SystemVerilog is a good example of this: while the pure open source version of Yosys only covers to small subset of SystemVerilog language features, new ones are slowly being added.
Similarly, the ghdl-yosys-plugin project has been working towards adding Yosys VHDL support.
Since all these front-ends compile to the same intermediate data representation that is used by CXXRTL, this improved simulation feature support to automatic!
Once the Yosys gHDL integration stabilize, CXXRTL will be the only open source simulator with mixed Verilog/VHDL language support!
-
Simulation Speed
CXXRTL is orders of magnitude faster than Icarus Verilog.
But see below…
Disadvantages
-
Simulation Speed
My current benchmark is a small VexRiscv CPU running a C program that toggles 3 LEDs.

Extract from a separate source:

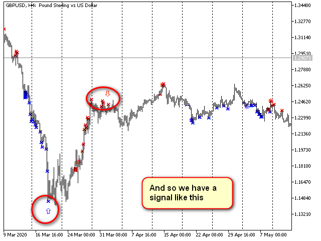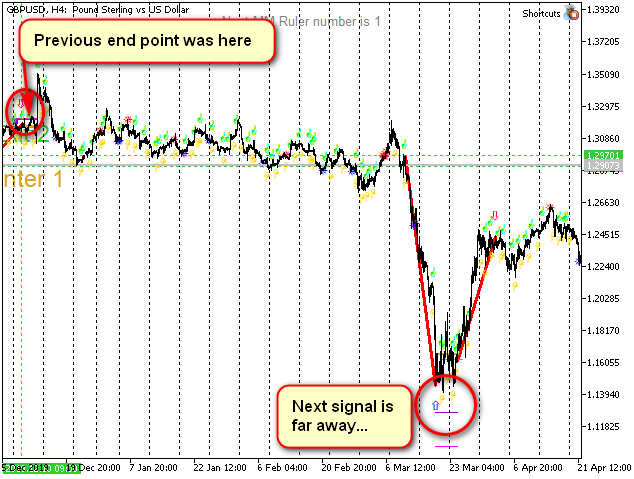 Seguimos viendo que a veces las flechas marcan la parte superior de los grandes movimientos para una escala dada con una precisión asombrosa, pero no merece la pena seguir "ciegamente" sus señales, ya que el indicador se adelanta mucho. :-) En ocasiones, dan ganas incluso de entrar en un viraje... Que las flechas que están hacia abajo indiquen hacia arriba, ¡y viceversa! Técnicamente fácil... Pero quizá sea mejor abstenerse... Solo tendremos en cuenta que es más barato asumir que inmediatamente después de una señal de flecha, es probable que la tendencia prosiga en lugar de virar. Al menos una vela más.

In the fastest settings, CXXRTL is about 8x slower than single-threaded Verilator.
You can find my benchmarking results here.
One should not rely on just one benchmark, and others have reported simulation speed differences that aren’t as large. Verilog coding style differences, or the type of logic could play a major role here.

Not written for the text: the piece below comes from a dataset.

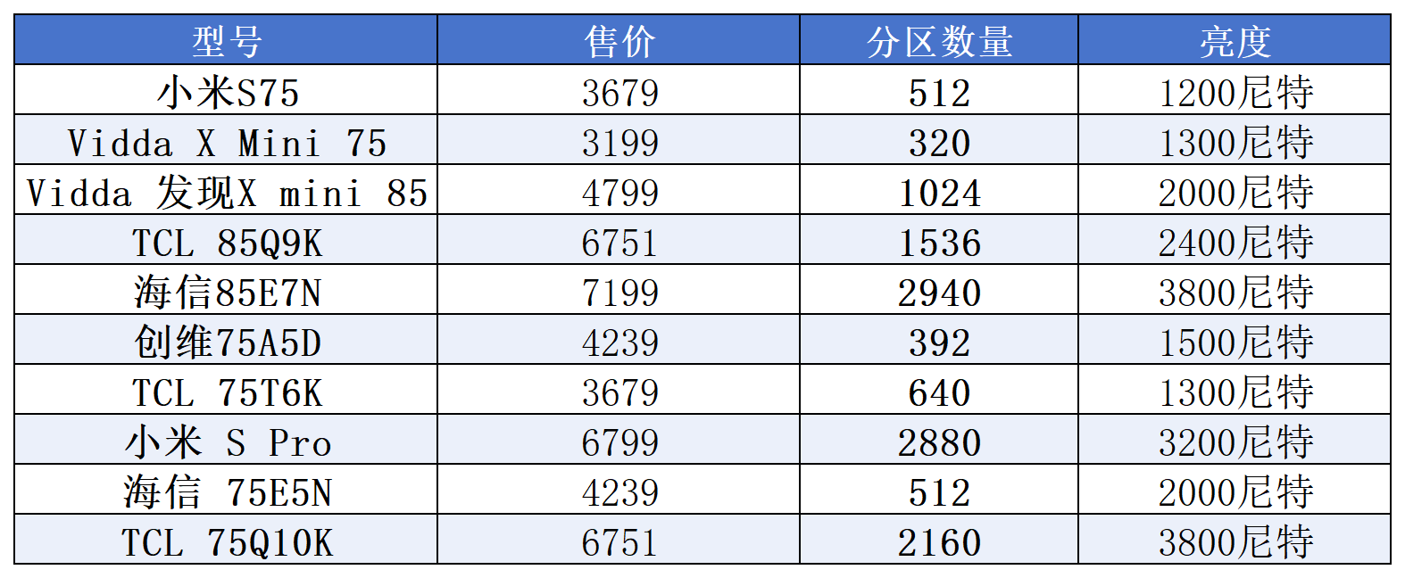 值得注意的是,背光分区数量呈现断层式上涨的产品,大多都是今年新推出的产品,其中超2000分区且价格更具性价比的海信85E7N、小米S Pro等,基本都是9-10月发布的新品。

My personal opinion is that CXXRTL is fast enough for what I need, and its features and ease of use are sufficient to prefer it over Verilator.
But when speed is your first and foremost concern, CXXRTL is currently not for you.
-
Compilation Speed
A CXXRTL model relies on C++ templates for all data types and operations. It also uses a single storage model for everything, whether it’s a bit, a 32-bit vector, a 1024-bit vector, or a memory. This makes the run-time include file very clean and small.
Meanwhile, Verilator reduces data types to the best matching C storage type. If something can fit in a
char
, then that’s what will be used. There are no templates to be seen.Templates are hard work for a C++ compiler. Compilation time is the price you pay.
Furthermore, Verilator splits models into multiple C++ files that can be compiled in parallel. CXXRTL dumps out 1 flat file, so nothing about compiling the model can be done in parallel.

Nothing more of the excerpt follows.